PONTIANAK INFORMASI – Pemerintah resmi mewajibkan pembayaran royalti atas pemutaran lagu atau musik di ruang publik komersial seperti restoran, hotel, kafe, pub hingga klub malam. Kewajiban tersebut ditegaskan melalui Surat Edaran (SE) Direktur Jenderal Kekayaan Intelektual Kementerian Hukum Nomor HKI-92.KI.01.04 Tahun 2025.
Menindaklanjuti aturan tersebut, Kepala Kantor Wilayah Kementerian Hukum Kalimantan Barat, Jonny Pesta Simamora, menegaskan bahwa setiap pelaku usaha yang memanfaatkan lagu dan musik secara komersial wajib membayar royalti melalui Lembaga Manajemen Kolektif Nasional (LMKN).
“Setiap pengusaha harus mendaftarkan usahanya dan menginformasikan eksistensinya sesuai kategori bidang usaha yang dijalankan,” tegas Jonny saat ditemui di ruang kerjanya, Selasa (6/1/2026).
Bagi pelaku usaha yang baru beroperasi, pendaftaran dilakukan secara mandiri melalui laman resmi LMKN di www.lmkn.id dengan membuat akun sebagai pemanfaat komersial.
Jonny menjelaskan, terdapat tiga klaster usaha dengan skema tarif royalti yang berbeda. Untuk usaha kuliner bermusik seperti restoran dan kafe, tarif royalti ditetapkan berdasarkan jumlah kursi.
“Royalti pencipta sebesar Rp60 ribu per kursi per tahun dan royalti hak terkait Rp60 ribu per kursi per tahun. Jadi totalnya Rp120 ribu per kursi per tahun,” jelasnya.
Sementara itu, untuk usaha pub dan bistro, penghitungan royalti didasarkan pada luas area usaha. Tarif royalti pencipta dan hak terkait masing-masing sebesar Rp180 ribu per meter persegi per tahun.
Adapun untuk diskotik dan klub malam, royalti pencipta dikenakan sebesar Rp250 ribu per meter persegi per tahun, sedangkan royalti hak terkait sebesar Rp180 ribu per meter persegi per tahun. Ketentuan ini merujuk pada Keputusan Menteri Hukum dan HAM Nomor HKI.2.OT.03.01-02 Tahun 2016 tentang pengenaan tarif royalti.

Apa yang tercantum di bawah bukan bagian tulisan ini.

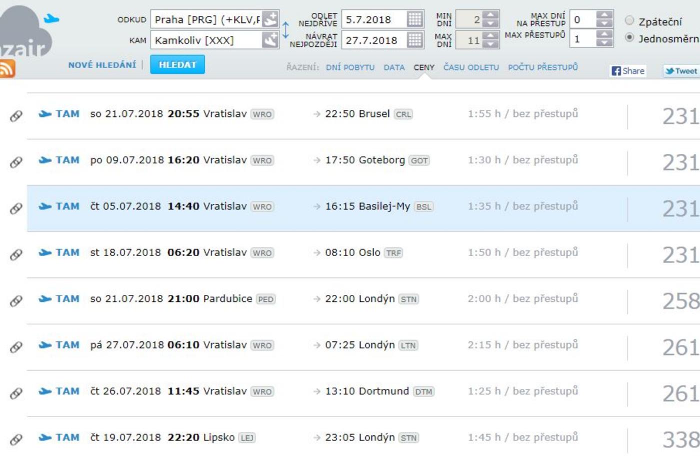 Tu stejnou trasu zadejte přímo do vyhledávače aerolinky a zkontrolujte si, jestli lety v jiné době nejsou ještě levnější. Někdy se to stává.

Jonny menegaskan, seluruh pembayaran royalti dilakukan melalui satu pintu, yakni LMKN, yang kemudian bertugas mendistribusikannya kepada para pemegang hak cipta dan hak terkait.
“Distribusi dilakukan oleh LMKN, baik kepada pencipta yang tergabung dalam LMK maupun yang berada di luar negeri. Jadi meskipun menggunakan lagu asing, hak penciptanya tetap diberikan,” tambahnya.

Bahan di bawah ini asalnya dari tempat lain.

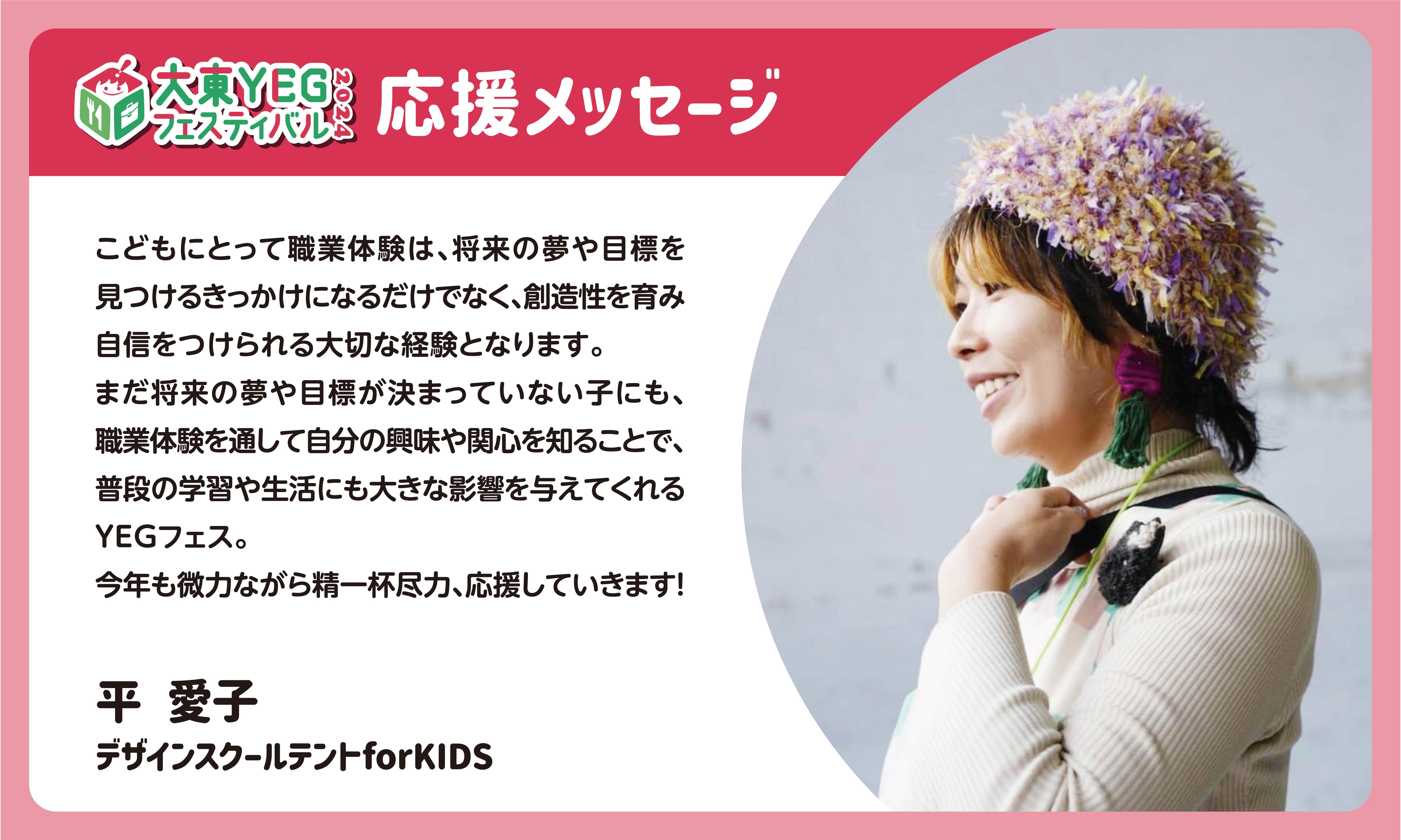 子ども達に地域のお仕事体験、地域の方々とのコミュニケーションを通じて、自分達の暮らす大東市にもっと興味を持って、知って、好きになってもらえたら。大東YEGフェスティバルを通じて伝え、届けていきたいと思います。

Ia juga menjelaskan bahwa Direktorat Jenderal Kekayaan Intelektual (DJKI) Kementerian Hukum berperan sebagai regulator dan pembina dalam sistem pengelolaan royalti. Selain menetapkan kebijakan, DJKI juga aktif melakukan sosialisasi agar pelaku usaha memahami kewajiban serta pentingnya perlindungan hak cipta.
Penerbitan surat edaran tersebut sekaligus memperkuat Peraturan Pemerintah Nomor 56 Tahun 2021 tentang pengelolaan royalti hak cipta lagu dan/atau musik di Indonesia.